I've been thinking about this for the last few years. What would an APL-like language look like with structured data? Is that possible? Could you make a language where you specify if a value is SoA or AoS? Is it possible to automatically convert an AoS-based algorithm to SoA?
It really changes how you do basic things like sorting. In the standard AoS approach in C-like languages you swap entire structures around the array. In an SoA approach in APL-like languages you generate a list of indices that would put the data in sorted order then apply it to each column. A number of times I written code to do this in C++ for high-performance systems, and it works great, but is definitely a different way of thinking about things.
IIRC there was a proof of concept for a Rust compiler plugin where you could switch between SoA/AoS via a single annotation on the struct. I can't remember the extent to which that impacted algorithms though.
That's the sort of thing where you want to feed profiling data back into the compiler. Intel used to be big on that, mostly for branch prediction. Itanium needed the most likely path chosen at compile time.
You could do a fairly straightforward conversion but it would be terribly slow for many things.
Take the sorting example i gave. In a column-oriented program you would generate a list of indices and apply them to each column. That has very good cache locality as you work on each independently. Also you tend to manipulate that index list instead of the data and after all is done, filtered, and whatever then apply it to the data.
If you did things the AoS way you would be bouncing around in memory going from column to column.
Dealing with SoA and column orientated data is more than just a storage decision.
You could do a fairly straightforward conversion but it would be terribly slow for many things.
Is there a non-straightforward conversion that isn't? It seems to me like any SoA->AoS transformation is going to have pretty much the same effect on locality.
> It seems to me like any SoA-AoS transformation is going to have pretty much the same effect on locality
Not at all. In a SoA system you want to operate on each attribute individually but on an AoS system you operates across structs. Besides improved cache locality it keeps loops small so they operate out of the iop loop/stream cache among other things like better packing off data etc.
If you haven't worked on a system little this sometimes it can be difficult to see how different things can be. It's literally APL vs C.

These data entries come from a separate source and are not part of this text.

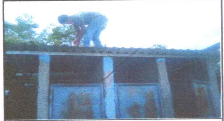
SUSTITUCION DE PUERTAS, INODORO SANITARIOS
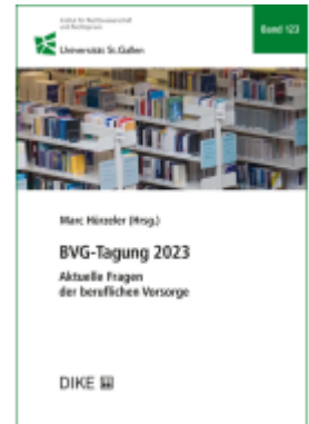
BVG-Tagung 2023 Ladenpreis: 58,00EUR
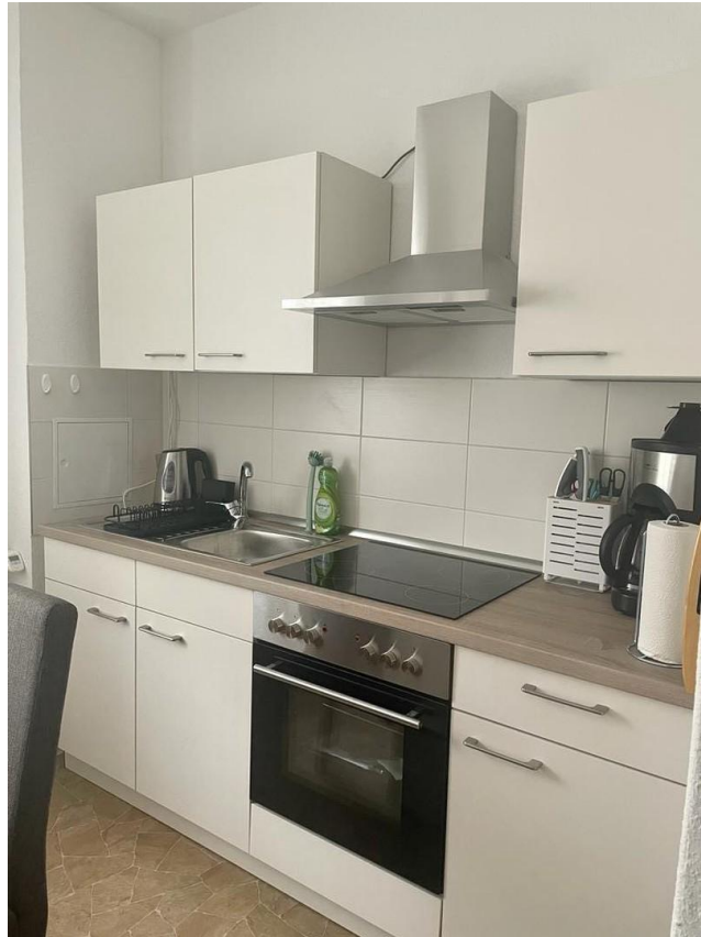
Küche (voll eingerichtet)
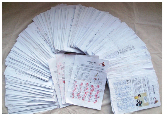
河北省唐山市民众已有二万七千四百六十一人签名支持对江泽民的控告。

◎二零一五年十一月二十九日，全球影视之都美国好莱坞迎来第八十四届圣诞大游行，为圣诞节拉开序幕。法轮功学员应邀参加，包括天国乐团、法轮大法旗队、舞蹈队、花车、腰鼓队等，引人注目。
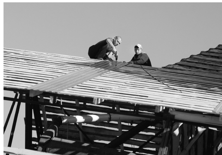
Комплекс будет под общей крышей
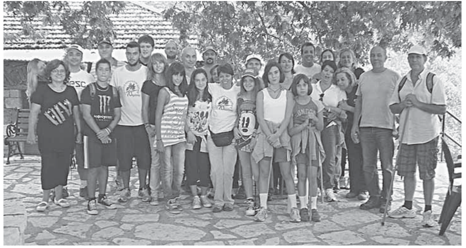
16/8/12 Πεζοπορία για καφέ στο Κριάτσι από τον δασικό δρόμο
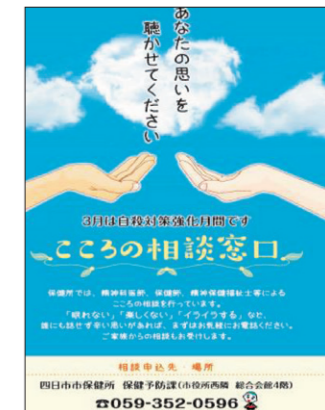
周知・啓発用ポスター
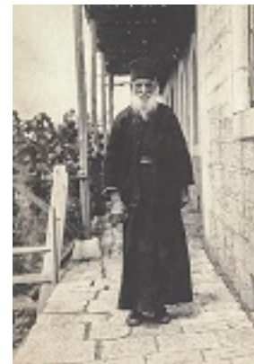
Όσιος Δανιήλ ο Κατουνακιώτης (Φωτογραφία: Νικόλας Κάλας, Άνοιξη 1929. Πηγή: Φωτογραφικό Αρχείο Ε.Λ.Ι.Α.)
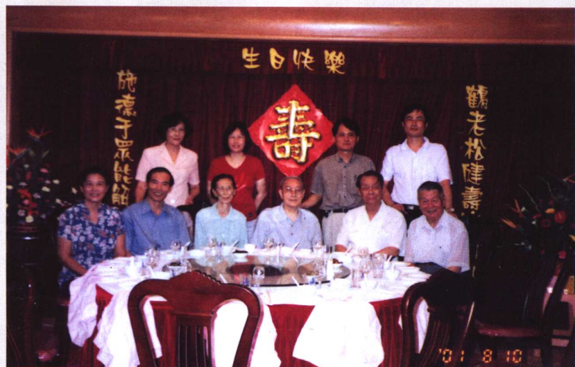
诸晚辈为施老庆祝八十大寿
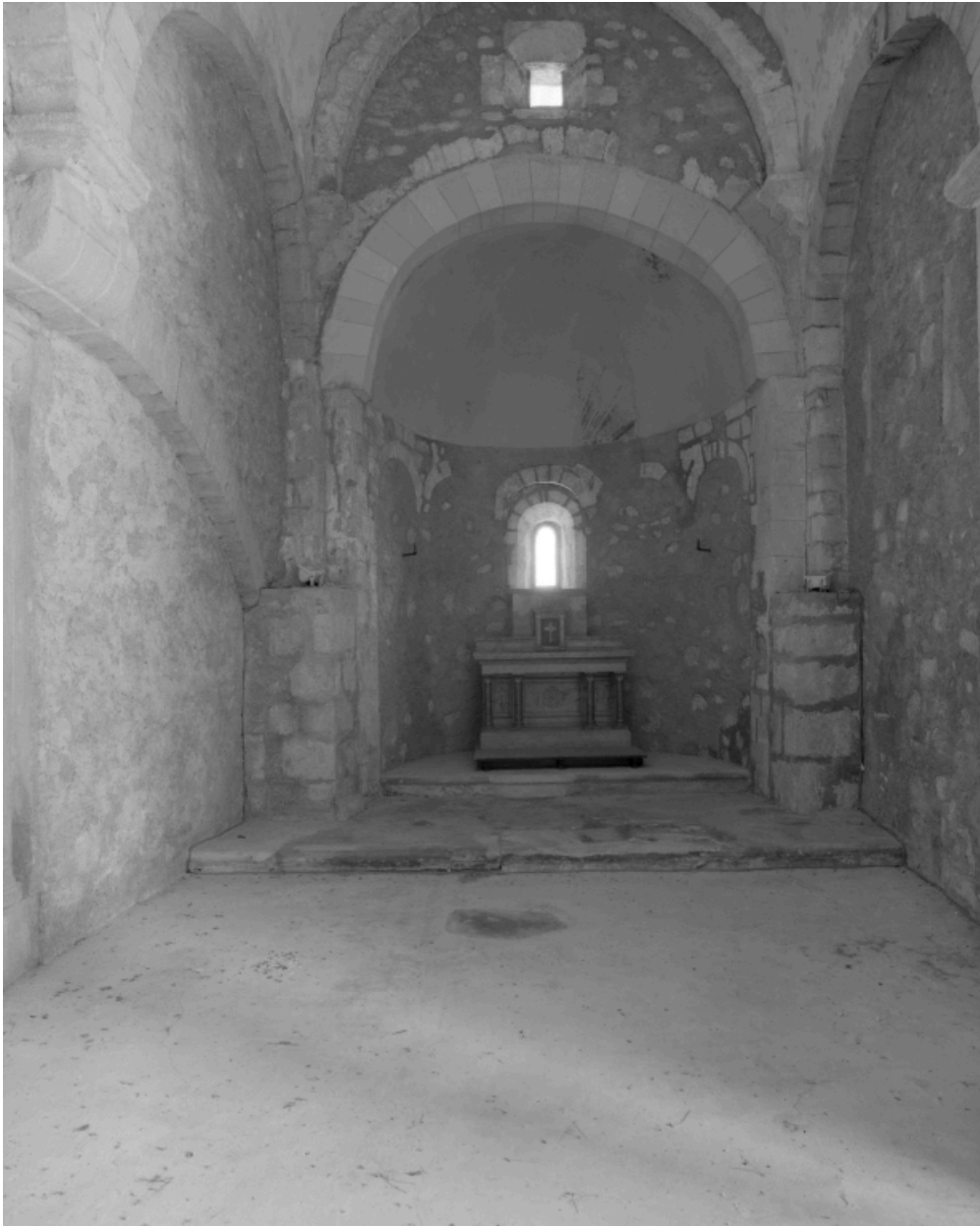
Vue de l'intérieur : abside et vue partielle de la nef.
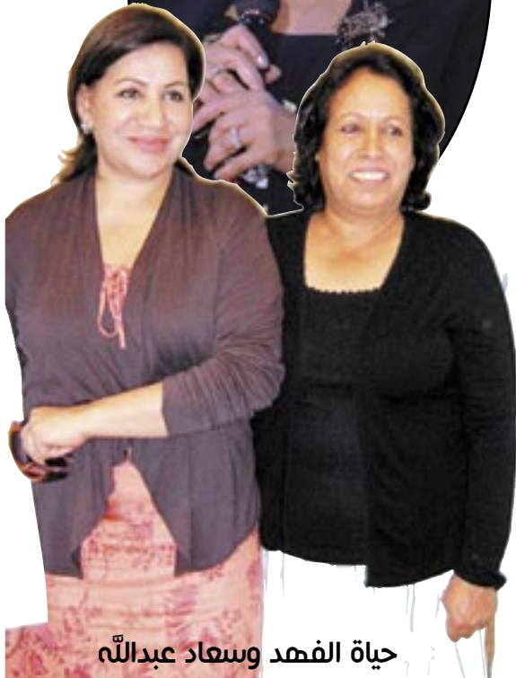
حياة الفهد وسعاد عبدالله
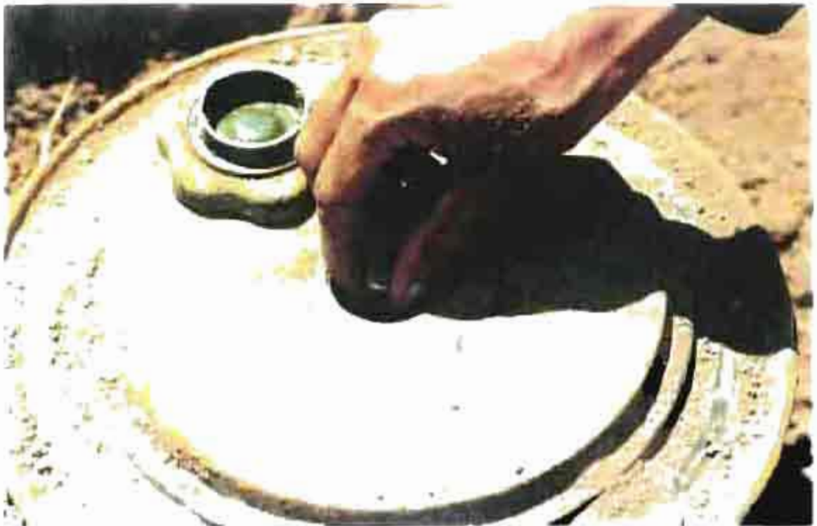
Mine anti-char TM 46
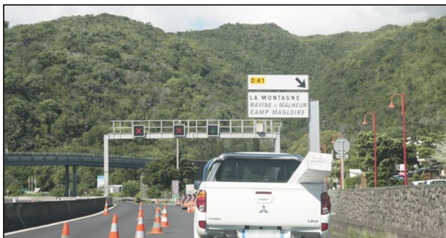
Depuis hier, la route du littoral est fermée jusqu'à nouvel ordre, tout le trafic est dévié par la Montagne.

Jusqu'en 2010, les infrastructures construites après cette signature ont tenu compte de cette données.
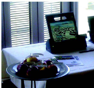
Soft- und Hardware «mit Biss».

Die Geomatiktage 2012 fanden am 26./27. April 2012 im Foyer des Stade de Suisse in Bern statt. Neben weiteren Ausstellern freute sich am 27. April auch die Asseco BERIT AG, dem interessierten Publikum ihre Soft- und Hardwarelösungen vorzustellen. Im Vordergrund der Produktpräsentation standen sicherlich die Motion Tablet PCs, welche die Asseco
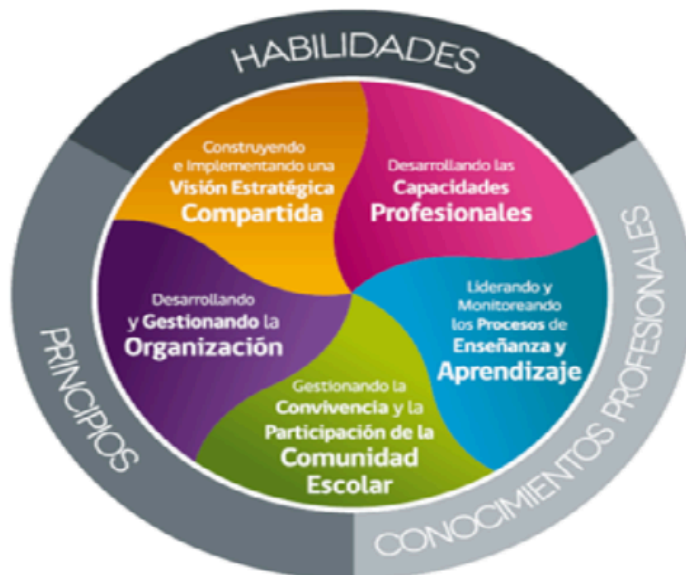
Figura 2: Marco para La Buena Dirección y El Liderazgo Escolar
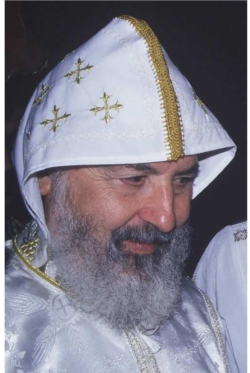
Monseigneur Abba Athanasios, Evêque Générale de toute la France
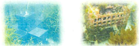
写真2 鋳鉄で作製した魚礁した (左) および多孔質溶出ブロック上への海藻の成長 (右)

二価鉄-フルボ酸錯体の形成確認に関しては、これまで報告が無かったため、嫌気性条件下で二価鉄を飽和吸着させた新しい反応型のゲルクロマトグラフィーを開発して錯体の形成を確認した。
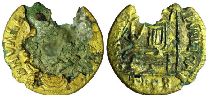
Figura 1. Fracción de solidus de Nuestra Señora de Uralde acuñada en cobre y forrada de oro. Al doble de su tamaño.

ocasionar la futura urbanización de los terrenos en los que se encuentra el yacimiento de Uralde, se documentaron dos fases de utilización del citado vertedero (Filloy y Gil 1993: 125, 145-147, 151-153). Un primer momento, de ocupación más intensa, fechado en período altoimperial y un segundo datado en época bajoimperial. Es precisamente en este segundo instante cuando se perdió el ejemplar objeto de estudio (Figura 1).
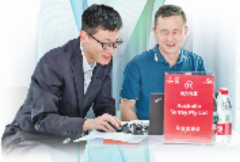
金融架设“金桥”。工行“浙里买全球”义乌对接会现场，境内外企业实现精准对接。
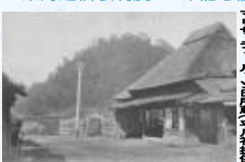
平塚駅より天狗山を臨む 了せたいん所蔵平氏墓
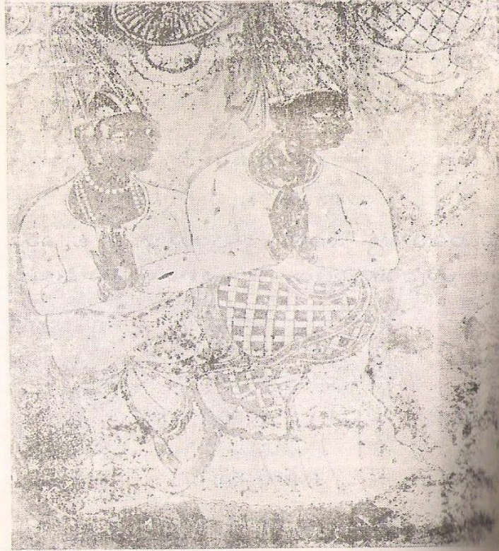
శ్రీ విరణ్ణ విరుపణ్ణలు లేపాక్షి వర్ణచిత్రము
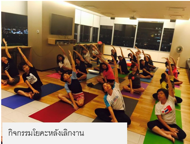
กิจกรรมโยคะหลังเลิกงาน
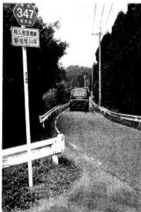
現在は大型車が通ると難合が難しい箇所が多い
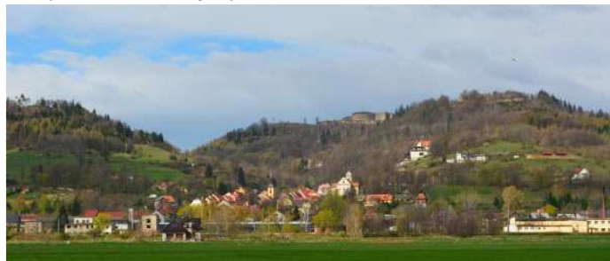
Widok z Przedgórza Sudeckiego na Srebrną Górę

Część naszej trasy będzie wieść odcinkami bardzo wąskich, krętych, stromych i wzbogaconych o przeszkody ścieżek rowerowych, po których z dużą prędkością mogą poruszać się rowerzyści. Oni mają tam pierwszeństwo i należy spokojnie schodzić im z drogi, pamiętając również o własnym bezpieczeństwie. Odcinki te są dobrze oznakowane i zostaną po drodze dodatkowo zasygnalizowane. Musimy zachować tam szczególną ostrożność!
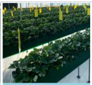
양어수조 연결용 배지경 재배
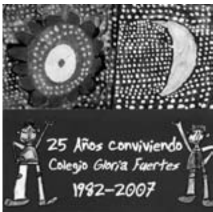
Programa de actos de la celebración de los 25 años del Colegio Gloria Fuertes.
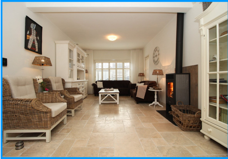
Woonkamer met nieuwe hout gestookte openhaard
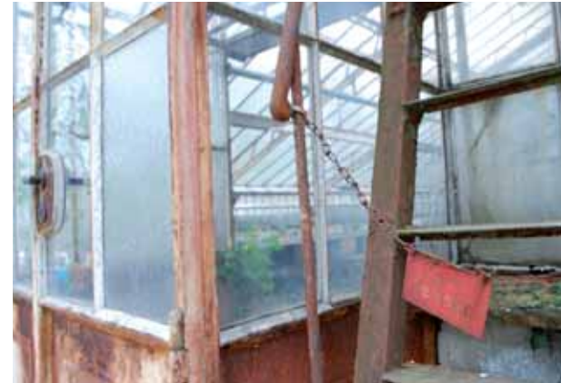
Bild oben: Wegen der Gefahr herabfallender Gläser ist der Zutritt verboten

Bild links: Gewächshaus, Ansicht von Südwesten
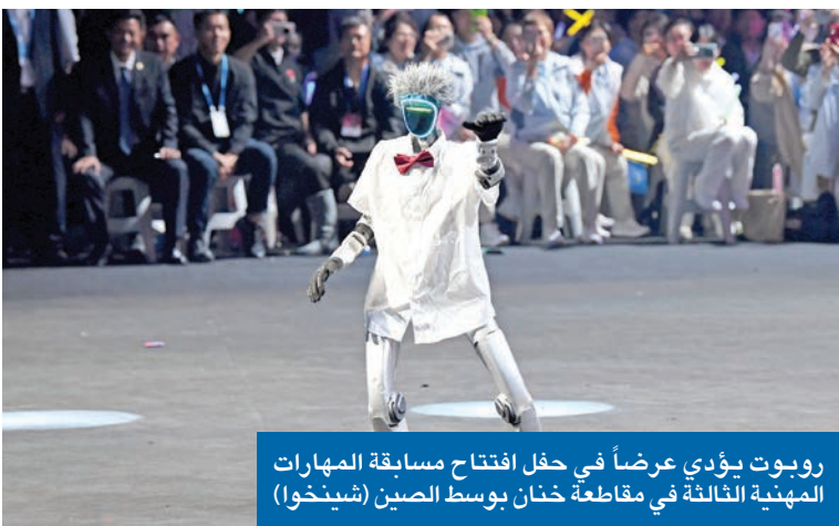
روبوت يؤدي عرضاً في حفل افتتاح مسابقة المهارات المهنية الثالثة في مقاطعة خنان بوسط الصين

بارتفاع 1.75 متر ووزن 32 كيلوغراماً، ومرتبداً قميصاً أزرق قصير الأكمام، استقبل الروبوت المجسد «شيويهيا 01» أخيراً كأول طالب دكتوراه روبوتي في أكاديمية شانغهاي للمسرح، حيث سيواصل دراسة تصميم الأداء الرقمي في قسم تصميم المسرح خلال السنوات الأربع القادمة. وقالت وكالة شينخوا أمس إن البرنامج الذي أطلق بالتعاون بين أكاديمية شانغهاي للمسرح وجامعة شانغهاي للعلوم والتكنولوجيا، يهدف إلى تطوير طرق تدريب تجريبية لجيل جديد من الوكلاء المجسدين، مع التركيز على التفاعل المتعدد الوسائط والتعبير الفني والنمو الإدراكي. وخلال البرنامج الذي يمتد أربع سنوات، سيتعلم «شيويهيا 01» بشكل منهجي الحركات الأساسية والروتين وتقنيات الأداء في الأوبرا الصينية التقليدية. ويتولى فريق جامعة شانغهاي للعلوم والتكنولوجيا تدريبه على الجوانب التقنية والمعرفة الأساسية، بينما يركز فريق
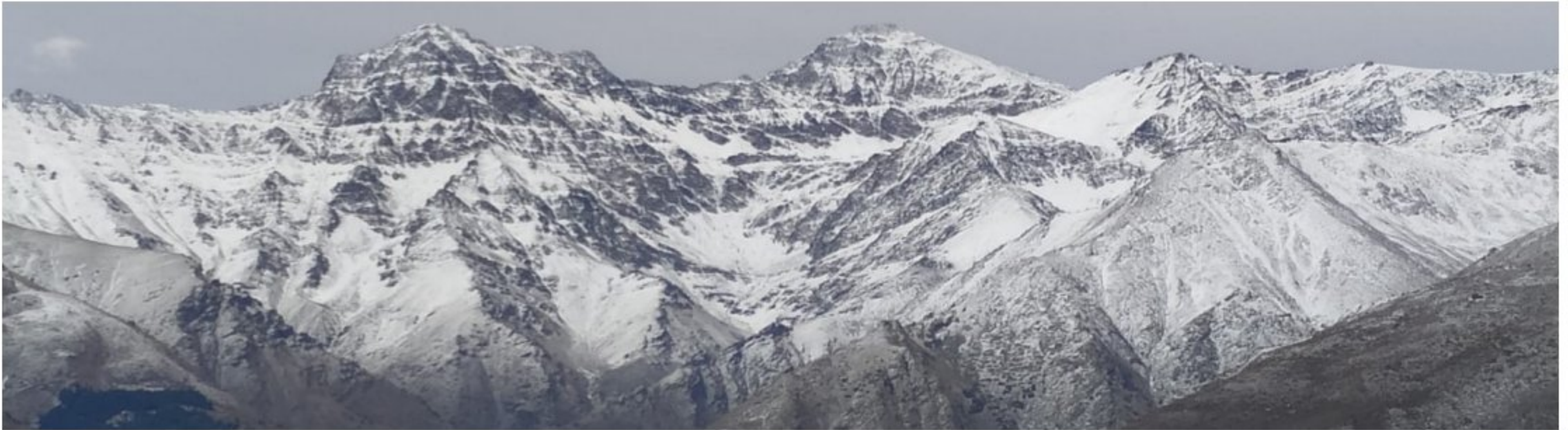
Alcazaba y Mulhacén, vertiente norte 8-3-23
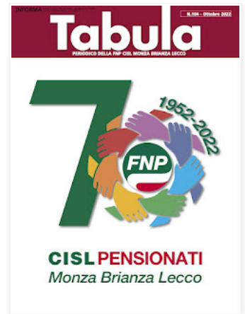
PERIODICO DELLA FNP CISL MONZA BRIANZA LECCO
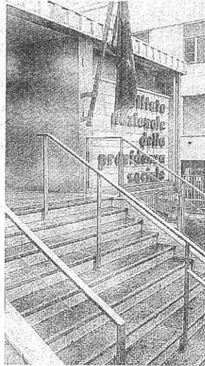
La sede Inps di Parma
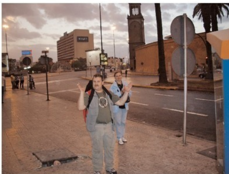
На улицах редкие прохожие, например — мы
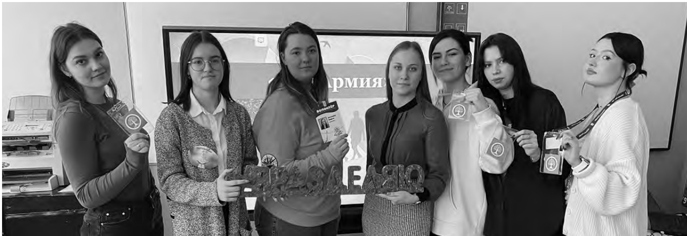
Победители стартапа – команда «ЭКО-защитники», Бутчинская школа Куйбышевского района.
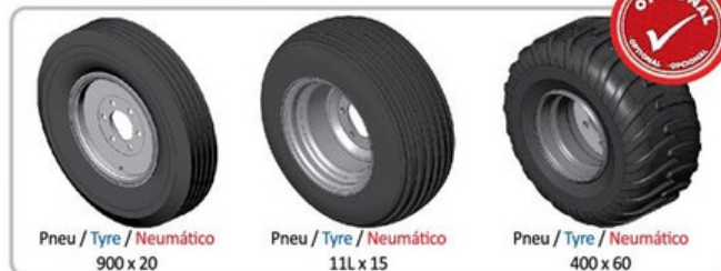
Pneu / Tyre / Neumático 900 x 20
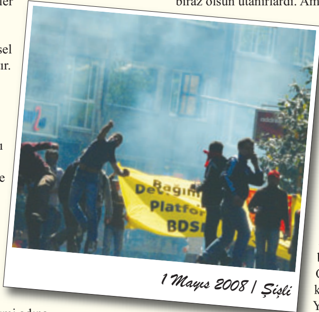
1 Mayıs 2008 | Şişli

Hızlarını alamadılar bu kez de avukatlara saldırdılar. Yetmedi Adliye'nin içine gaz bombası atıldı. Durmadı terör. ÖDP il binası basıldı, içerdekilerin üzerine ateş açıldı, gaz bombaları atıldı. Gazetecilerin kolunu kırdılar. Yetmedi turistleri copladılar. Devlet
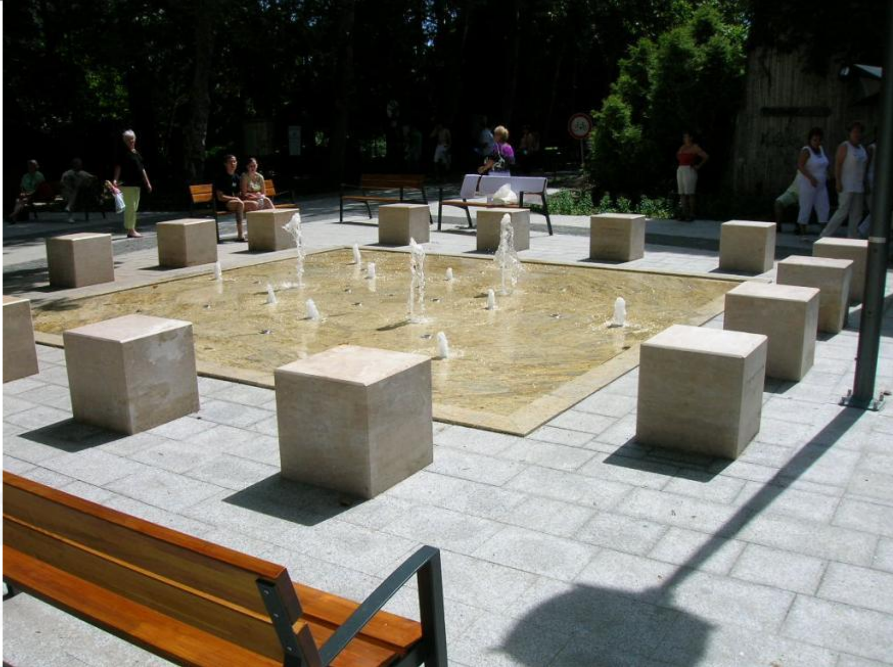
Szökőkút a Fesztetics téren, vízi-játékkal

It really changes how you do basic things like sorting. In the standard AoS approach in C-like languages you swap entire structures around the array. In an SoA approach in APL-like languages you generate a list of indices that would put the data in sorted order then apply it to each column. A number of times I written code to do this in C++ for high-performance systems, and it works great, but is definitely a different way of thinking about things.